__WHAT YOU WILL DO__:
Give back the records in their entirety, exactly.

__DATA TO EXAMINE__:

::::::

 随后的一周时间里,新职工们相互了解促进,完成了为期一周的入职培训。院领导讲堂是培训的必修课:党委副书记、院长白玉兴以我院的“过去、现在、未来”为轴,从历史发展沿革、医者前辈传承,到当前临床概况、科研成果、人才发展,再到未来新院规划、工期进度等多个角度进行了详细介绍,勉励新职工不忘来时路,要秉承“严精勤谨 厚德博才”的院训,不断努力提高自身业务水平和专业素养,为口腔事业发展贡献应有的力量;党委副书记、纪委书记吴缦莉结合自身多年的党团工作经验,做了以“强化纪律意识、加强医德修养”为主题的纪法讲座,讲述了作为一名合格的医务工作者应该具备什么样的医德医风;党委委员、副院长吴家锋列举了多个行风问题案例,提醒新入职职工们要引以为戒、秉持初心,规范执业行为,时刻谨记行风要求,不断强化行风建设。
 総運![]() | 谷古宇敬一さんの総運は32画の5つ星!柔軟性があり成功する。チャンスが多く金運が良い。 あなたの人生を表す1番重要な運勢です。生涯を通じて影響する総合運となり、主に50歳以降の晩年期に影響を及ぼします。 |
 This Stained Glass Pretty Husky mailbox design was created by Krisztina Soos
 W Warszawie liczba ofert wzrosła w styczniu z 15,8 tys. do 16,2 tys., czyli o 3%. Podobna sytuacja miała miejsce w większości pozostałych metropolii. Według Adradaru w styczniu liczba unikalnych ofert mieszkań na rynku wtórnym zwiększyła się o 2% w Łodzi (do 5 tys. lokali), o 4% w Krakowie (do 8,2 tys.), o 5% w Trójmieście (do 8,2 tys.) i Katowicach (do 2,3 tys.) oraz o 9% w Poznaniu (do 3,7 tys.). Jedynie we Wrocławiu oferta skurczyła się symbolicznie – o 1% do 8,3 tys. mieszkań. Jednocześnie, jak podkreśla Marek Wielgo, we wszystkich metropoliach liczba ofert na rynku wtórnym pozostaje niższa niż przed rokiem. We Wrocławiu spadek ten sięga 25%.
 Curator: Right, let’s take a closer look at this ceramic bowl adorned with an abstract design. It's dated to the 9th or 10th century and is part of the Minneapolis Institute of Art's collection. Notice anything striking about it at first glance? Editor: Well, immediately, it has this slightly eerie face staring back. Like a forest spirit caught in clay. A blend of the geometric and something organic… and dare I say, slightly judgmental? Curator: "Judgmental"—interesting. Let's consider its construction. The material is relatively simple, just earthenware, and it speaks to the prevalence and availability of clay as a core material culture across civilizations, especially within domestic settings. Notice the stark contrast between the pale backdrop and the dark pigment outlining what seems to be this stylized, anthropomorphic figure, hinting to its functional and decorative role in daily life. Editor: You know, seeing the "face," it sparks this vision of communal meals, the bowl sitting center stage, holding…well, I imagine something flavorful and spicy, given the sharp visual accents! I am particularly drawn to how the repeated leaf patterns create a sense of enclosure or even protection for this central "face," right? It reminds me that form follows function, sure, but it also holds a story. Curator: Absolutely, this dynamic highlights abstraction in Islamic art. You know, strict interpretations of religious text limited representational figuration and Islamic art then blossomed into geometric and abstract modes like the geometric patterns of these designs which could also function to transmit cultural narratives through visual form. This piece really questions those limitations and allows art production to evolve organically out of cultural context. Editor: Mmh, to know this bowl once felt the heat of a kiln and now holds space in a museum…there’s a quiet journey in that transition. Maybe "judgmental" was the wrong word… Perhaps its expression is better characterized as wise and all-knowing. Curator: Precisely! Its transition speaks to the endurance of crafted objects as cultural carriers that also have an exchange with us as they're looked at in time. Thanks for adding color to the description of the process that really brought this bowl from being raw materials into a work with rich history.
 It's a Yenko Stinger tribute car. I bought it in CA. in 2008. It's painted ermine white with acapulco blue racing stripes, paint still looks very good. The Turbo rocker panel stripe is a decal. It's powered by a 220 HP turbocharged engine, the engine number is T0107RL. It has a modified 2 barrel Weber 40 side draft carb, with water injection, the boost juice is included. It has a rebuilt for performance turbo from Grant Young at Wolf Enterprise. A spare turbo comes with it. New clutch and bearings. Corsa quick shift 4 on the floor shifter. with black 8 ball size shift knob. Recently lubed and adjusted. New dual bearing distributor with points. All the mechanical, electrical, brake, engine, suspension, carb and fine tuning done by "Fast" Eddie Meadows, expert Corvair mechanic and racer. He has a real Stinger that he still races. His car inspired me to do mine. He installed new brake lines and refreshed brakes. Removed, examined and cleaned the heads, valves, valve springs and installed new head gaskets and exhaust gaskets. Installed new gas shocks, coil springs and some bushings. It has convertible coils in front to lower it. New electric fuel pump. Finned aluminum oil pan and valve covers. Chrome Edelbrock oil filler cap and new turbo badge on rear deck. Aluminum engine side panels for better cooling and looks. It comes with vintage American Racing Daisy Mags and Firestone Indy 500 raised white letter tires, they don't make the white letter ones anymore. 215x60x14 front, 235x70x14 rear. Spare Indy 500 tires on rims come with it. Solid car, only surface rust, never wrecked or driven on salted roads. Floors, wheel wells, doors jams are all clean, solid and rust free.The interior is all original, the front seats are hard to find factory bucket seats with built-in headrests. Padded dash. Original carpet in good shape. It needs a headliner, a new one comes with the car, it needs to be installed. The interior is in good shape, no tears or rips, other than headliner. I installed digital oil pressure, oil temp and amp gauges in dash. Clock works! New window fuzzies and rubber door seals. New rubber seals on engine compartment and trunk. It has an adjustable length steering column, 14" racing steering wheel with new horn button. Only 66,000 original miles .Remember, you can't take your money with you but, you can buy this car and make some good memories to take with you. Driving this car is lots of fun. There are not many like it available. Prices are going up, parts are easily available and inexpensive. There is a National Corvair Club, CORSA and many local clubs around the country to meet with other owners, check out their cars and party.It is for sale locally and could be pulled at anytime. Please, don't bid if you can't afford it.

::::::

__ANSWER SPACE__:
 随后的一周时间里,新职工们相互了解促进,完成了为期一周的入职培训。院领导讲堂是培训的必修课:党委副书记、院长白玉兴以我院的“过去、现在、未来”为轴,从历史发展沿革、医者前辈传承,到当前临床概况、科研成果、人才发展,再到未来新院规划、工期进度等多个角度进行了详细介绍,勉励新职工不忘来时路,要秉承“严精勤谨 厚德博才”的院训,不断努力提高自身业务水平和专业素养,为口腔事业发展贡献应有的力量;党委副书记、纪委书记吴缦莉结合自身多年的党团工作经验,做了以“强化纪律意识、加强医德修养”为主题的纪法讲座,讲述了作为一名合格的医务工作者应该具备什么样的医德医风;党委委员、副院长吴家锋列举了多个行风问题案例,提醒新入职职工们要引以为戒、秉持初心,规范执业行为,时刻谨记行风要求,不断强化行风建设。
 総運![]() | 谷古宇敬一さんの総運は32画の5つ星!柔軟性があり成功する。チャンスが多く金運が良い。 あなたの人生を表す1番重要な運勢です。生涯を通じて影響する総合運となり、主に50歳以降の晩年期に影響を及ぼします。 |
 This Stained Glass Pretty Husky mailbox design was created by Krisztina Soos
 W Warszawie liczba ofert wzrosła w styczniu z 15,8 tys. do 16,2 tys., czyli o 3%. Podobna sytuacja miała miejsce w większości pozostałych metropolii. Według Adradaru w styczniu liczba unikalnych ofert mieszkań na rynku wtórnym zwiększyła się o 2% w Łodzi (do 5 tys. lokali), o 4% w Krakowie (do 8,2 tys.), o 5% w Trójmieście (do 8,2 tys.) i Katowicach (do 2,3 tys.) oraz o 9% w Poznaniu (do 3,7 tys.). Jedynie we Wrocławiu oferta skurczyła się symbolicznie – o 1% do 8,3 tys. mieszkań. Jednocześnie, jak podkreśla Marek Wielgo, we wszystkich metropoliach liczba ofert na rynku wtórnym pozostaje niższa niż przed rokiem. We Wrocławiu spadek ten sięga 25%.
 Curator: Right, let’s take a closer look at this ceramic bowl adorned with an abstract design. It's dated to the 9th or 10th century and is part of the Minneapolis Institute of Art's collection. Notice anything striking about it at first glance? Editor: Well, immediately, it has this slightly eerie face staring back. Like a forest spirit caught in clay. A blend of the geometric and something organic… and dare I say, slightly judgmental? Curator: "Judgmental"—interesting. Let's consider its construction. The material is relatively simple, just earthenware, and it speaks to the prevalence and availability of clay as a core material culture across civilizations, especially within domestic settings. Notice the stark contrast between the pale backdrop and the dark pigment outlining what seems to be this stylized, anthropomorphic figure, hinting to its functional and decorative role in daily life. Editor: You know, seeing the "face," it sparks this vision of communal meals, the bowl sitting center stage, holding…well, I imagine something flavorful and spicy, given the sharp visual accents! I am particularly drawn to how the repeated leaf patterns create a sense of enclosure or even protection for this central "face," right? It reminds me that form follows function, sure, but it also holds a story. Curator: Absolutely, this dynamic highlights abstraction in Islamic art. You know, strict interpretations of religious text limited representational figuration and Islamic art then blossomed into geometric and abstract modes like the geometric patterns of these designs which could also function to transmit cultural narratives through visual form. This piece really questions those limitations and allows art production to evolve organically out of cultural context. Editor: Mmh, to know this bowl once felt the heat of a kiln and now holds space in a museum…there’s a quiet journey in that transition. Maybe "judgmental" was the wrong word… Perhaps its expression is better characterized as wise and all-knowing. Curator: Precisely! Its transition speaks to the endurance of crafted objects as cultural carriers that also have an exchange with us as they're looked at in time. Thanks for adding color to the description of the process that really brought this bowl from being raw materials into a work with rich history.
 It's a Yenko Stinger tribute car. I bought it in CA. in 2008. It's painted ermine white with acapulco blue racing stripes, paint still looks very good. The Turbo rocker panel stripe is a decal. It's powered by a 220 HP turbocharged engine, the engine number is T0107RL. It has a modified 2 barrel Weber 40 side draft carb, with water injection, the boost juice is included. It has a rebuilt for performance turbo from Grant Young at Wolf Enterprise. A spare turbo comes with it. New clutch and bearings. Corsa quick shift 4 on the floor shifter. with black 8 ball size shift knob. Recently lubed and adjusted. New dual bearing distributor with points. All the mechanical, electrical, brake, engine, suspension, carb and fine tuning done by "Fast" Eddie Meadows, expert Corvair mechanic and racer. He has a real Stinger that he still races. His car inspired me to do mine. He installed new brake lines and refreshed brakes. Removed, examined and cleaned the heads, valves, valve springs and installed new head gaskets and exhaust gaskets. Installed new gas shocks, coil springs and some bushings. It has convertible coils in front to lower it. New electric fuel pump. Finned aluminum oil pan and valve covers. Chrome Edelbrock oil filler cap and new turbo badge on rear deck. Aluminum engine side panels for better cooling and looks. It comes with vintage American Racing Daisy Mags and Firestone Indy 500 raised white letter tires, they don't make the white letter ones anymore. 215x60x14 front, 235x70x14 rear. Spare Indy 500 tires on rims come with it. Solid car, only surface rust, never wrecked or driven on salted roads. Floors, wheel wells, doors jams are all clean, solid and rust free.The interior is all original, the front seats are hard to find factory bucket seats with built-in headrests. Padded dash. Original carpet in good shape. It needs a headliner, a new one comes with the car, it needs to be installed. The interior is in good shape, no tears or rips, other than headliner. I installed digital oil pressure, oil temp and amp gauges in dash. Clock works! New window fuzzies and rubber door seals. New rubber seals on engine compartment and trunk. It has an adjustable length steering column, 14" racing steering wheel with new horn button. Only 66,000 original miles .Remember, you can't take your money with you but, you can buy this car and make some good memories to take with you. Driving this car is lots of fun. There are not many like it available. Prices are going up, parts are easily available and inexpensive. There is a National Corvair Club, CORSA and many local clubs around the country to meet with other owners, check out their cars and party.It is for sale locally and could be pulled at anytime. Please, don't bid if you can't afford it.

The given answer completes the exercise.